Fleetwood and Blackpool based fishermen are among those being targeted to get involved the new campaign, which hopes to carry out a detailed survey into the quantities of each species of shark.
The scheme has been set up by The Shark Trust and a number of different commercial fishing organisations to help protect stocks in the seas around the UK.
Ken Moran, chief executive officer of Fleetwood Fish Producers Organisation, based in Poulton Street in the town, believes estimating stocks of shark in the Irish sea is irrelevant because there is currently no commercial shark fishing operation off the Fylde Coast.
However, he admitted the conservation of sharks was important.
He said: “As far as I’m aware there’s only three species of shark that turn up round here.
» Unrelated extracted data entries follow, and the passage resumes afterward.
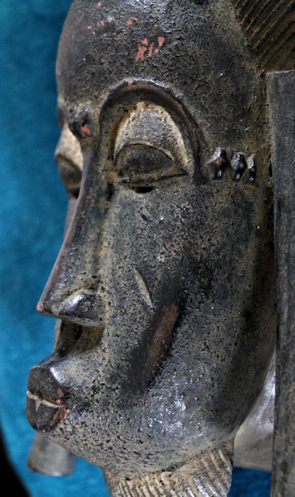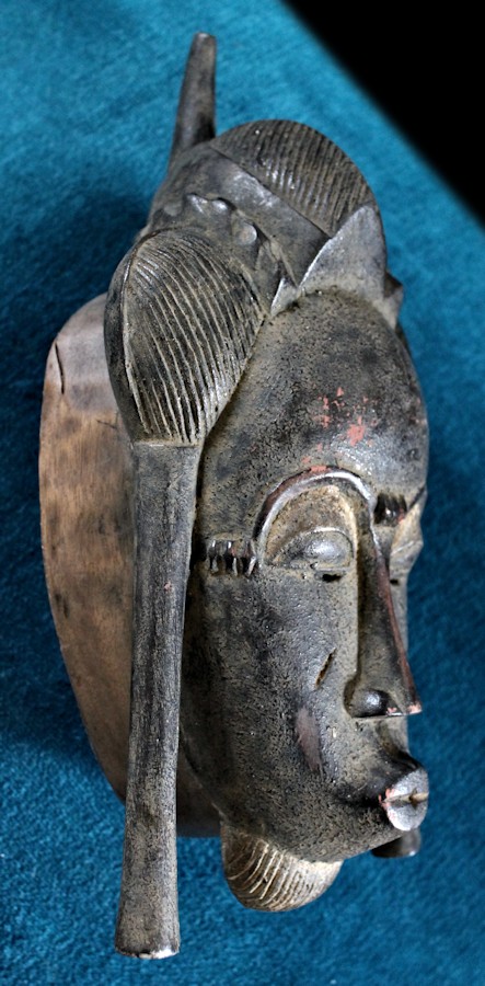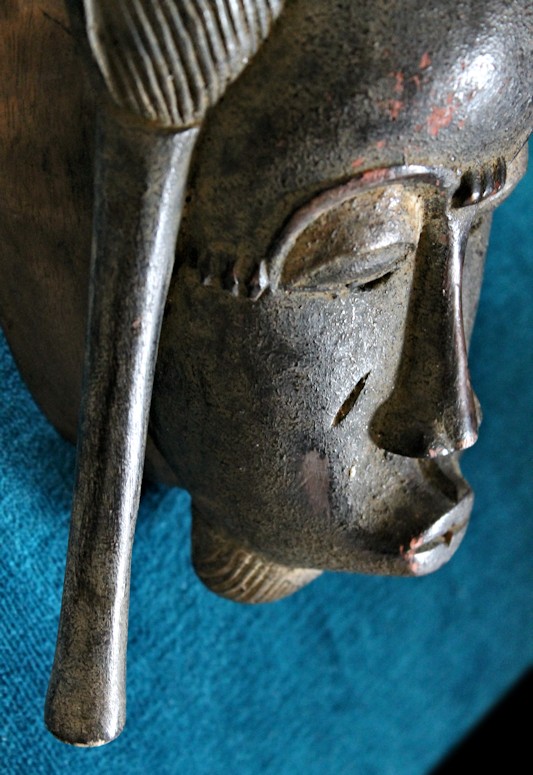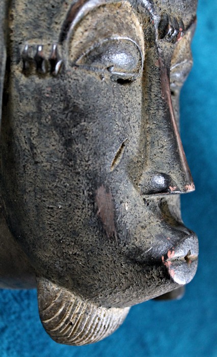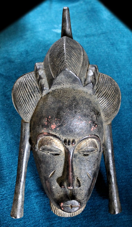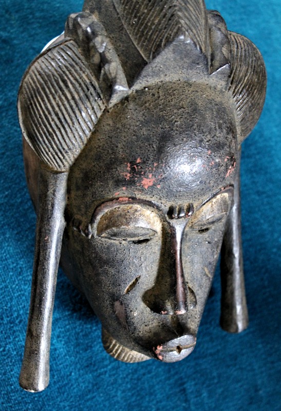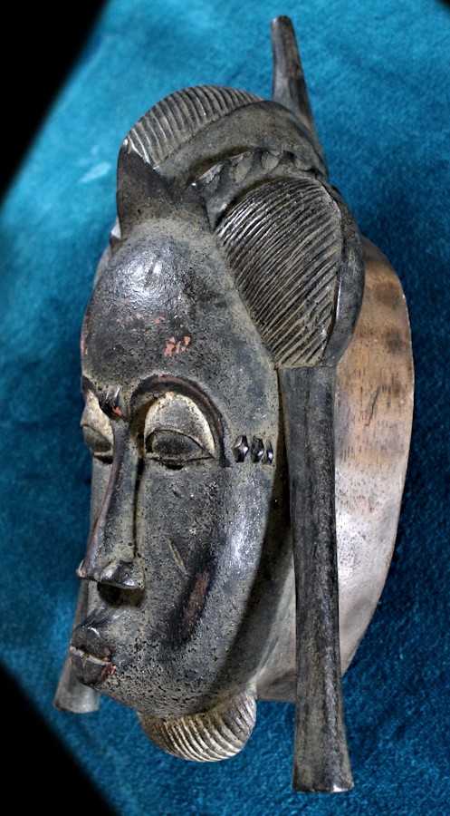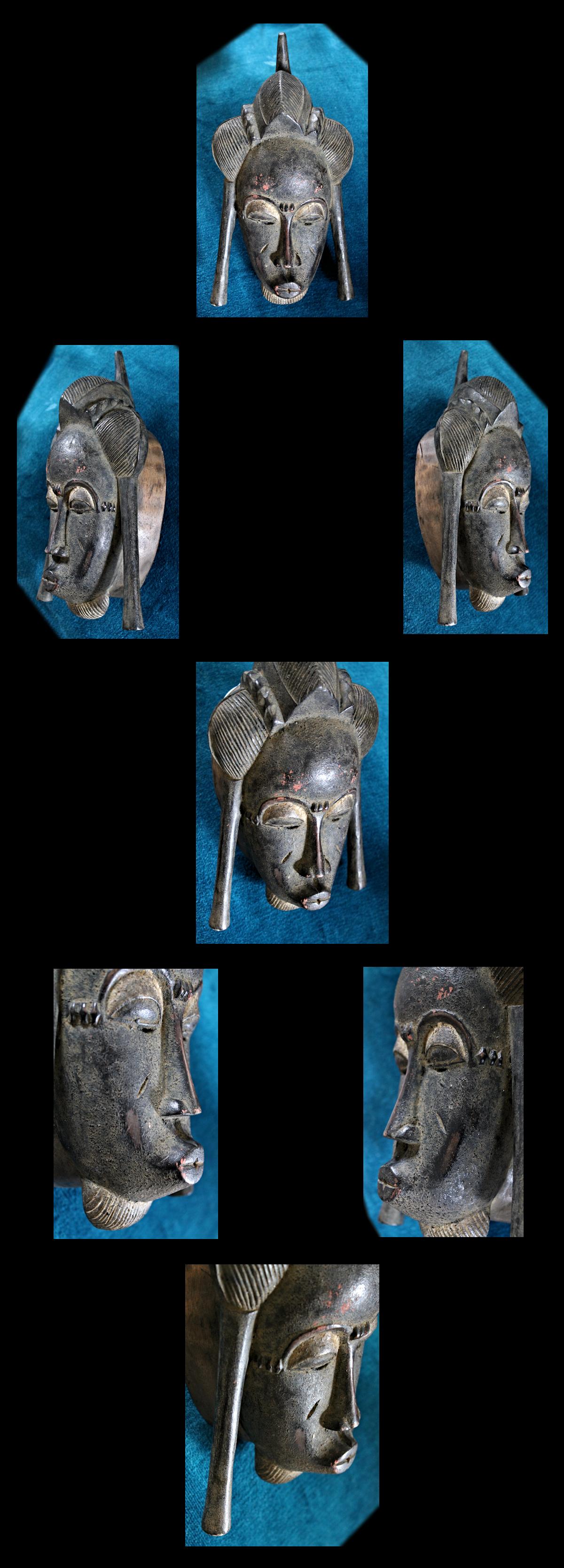 On offer from our personal collection is this elegant portrait mask from the Baule peoples of the Ivory Coast. Skilled carvers, the Baule are noted for their high level of artistry, & their portrait masks, intended to represent honored members within the tribal community, are no exception.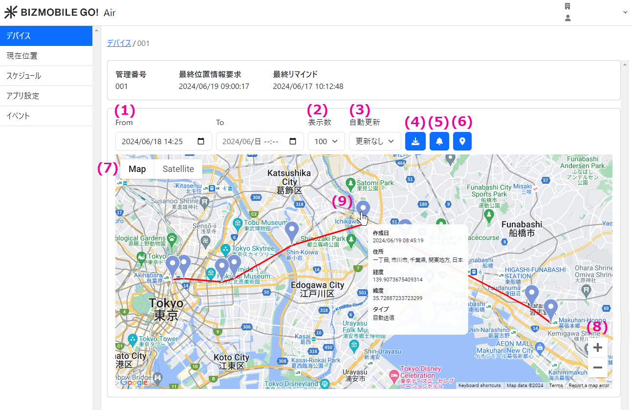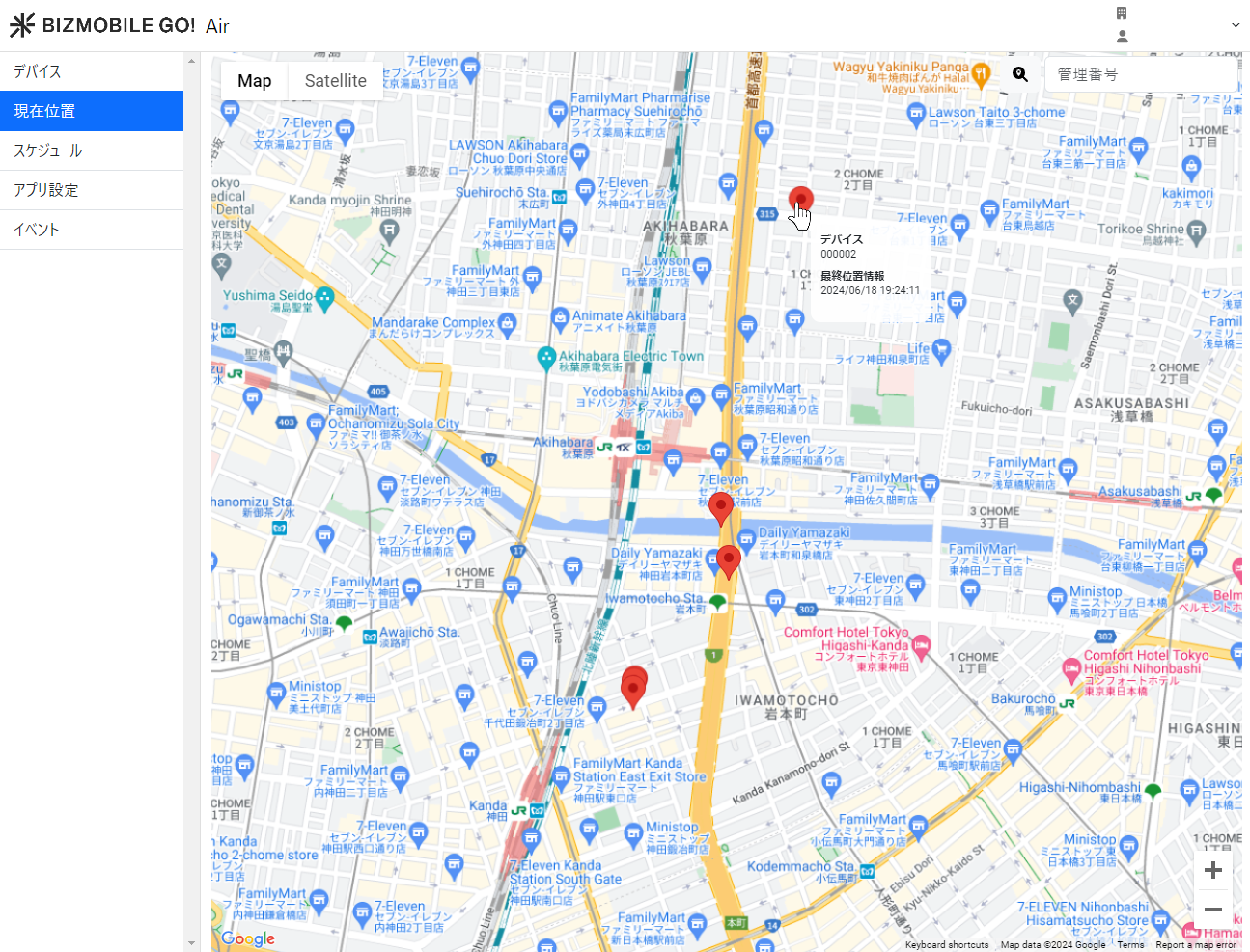 デバイス側での設定が完了すると、管理画面でデバイスの位置情報を確認できるようになります。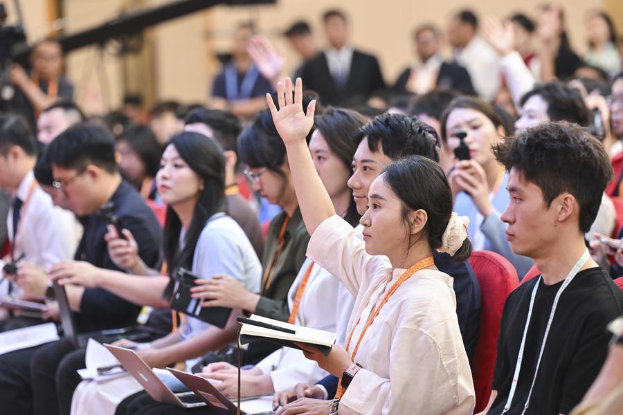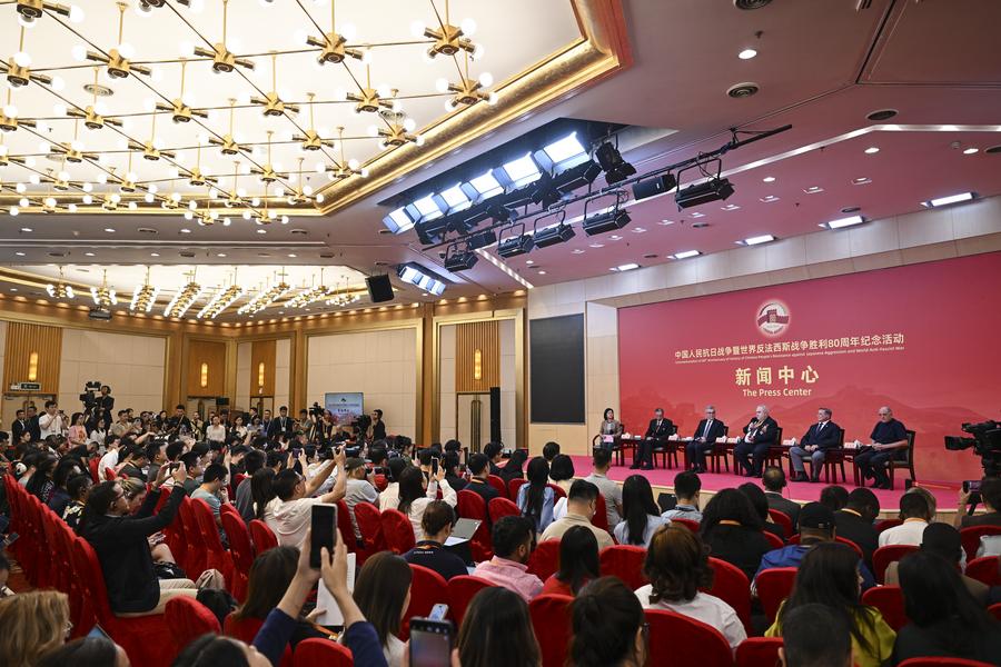 The press center for the events commemorating the 80th anniversary of the victory in the Chinese People's War of Resistance Against Japanese Aggression and the World Anti-Fascist War holds a group interview in Beijing, capital of China, Sept. 2, 2025. (Xinhua/Jin Liangkuai)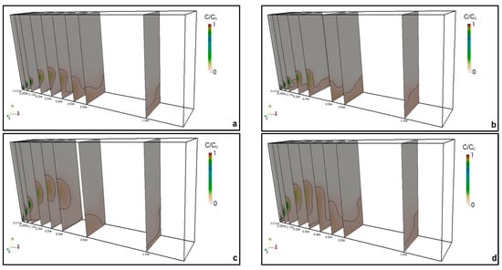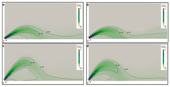 Discharge growth width at various cross-sections: the contour lines represent S = C0/C = 1 (Source: []). (a) 30°, realizable k-ε; (b) 30°, LRR; (c) 45°, realizable k-ε; (d) 45°, LRR.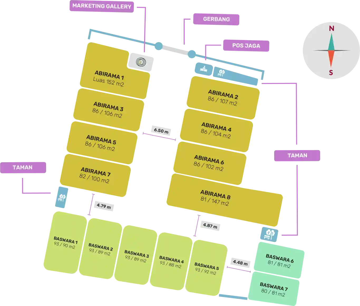 Tipe Abirama di desain untuk memenuhi kebutuhan anda yang dinamis dengan luas tanah yang lebih besar. Terdapat 3 kamar tidur, 2 kamar mandi, dapur, ruang tamu dan carport untuk 2 mobil.

“What The Shark Trust are bothered about is that sharks in the past have been finned and then thrown back into the sea alive.
“It happens in Africa and the Indian Ocean now, but apart from recreational fishing there’s no commercial shark fishing in the UK.
“The only way you could catch sharks is by picking some up in your net by trawling for other species of fish.
“If all the firms are no longer allowed to catch deep water sharks then that surely is a conservation measure.”
Mandy Knott, of the North West Fisheries and Conservation Authority, which is one of the organisations involved in setting up the project, said: “In the past there wasn’t a requirement to separate them out into the different species.
“It’s a project we’re very interested in because it’s hopefully going to come up with some more robust data on the species, so we’re looking forward to it.”
Ali Hood, director of conservation at The Shark Trust, said: “We’re currently in the process of engaging with different groups and different sectors.
“The key thing is we will be pleased to engage with fisherman from the Fylde Coast area and look forward to meeting people in the next few months.
“The project is focusing on North West England because in the past a lot of work of this nature has been focused on the South West so it’s great to be able to do this work in other regions.”
Fishermen at North Sea ports such as Grimsby, Hull and Whitby are also being sought for the project.
Fishermen participating in the project will be given materials to help identify various species currently under threat such as the small-spotted catshark, the starry smoothhound shark and the cuckoo ray.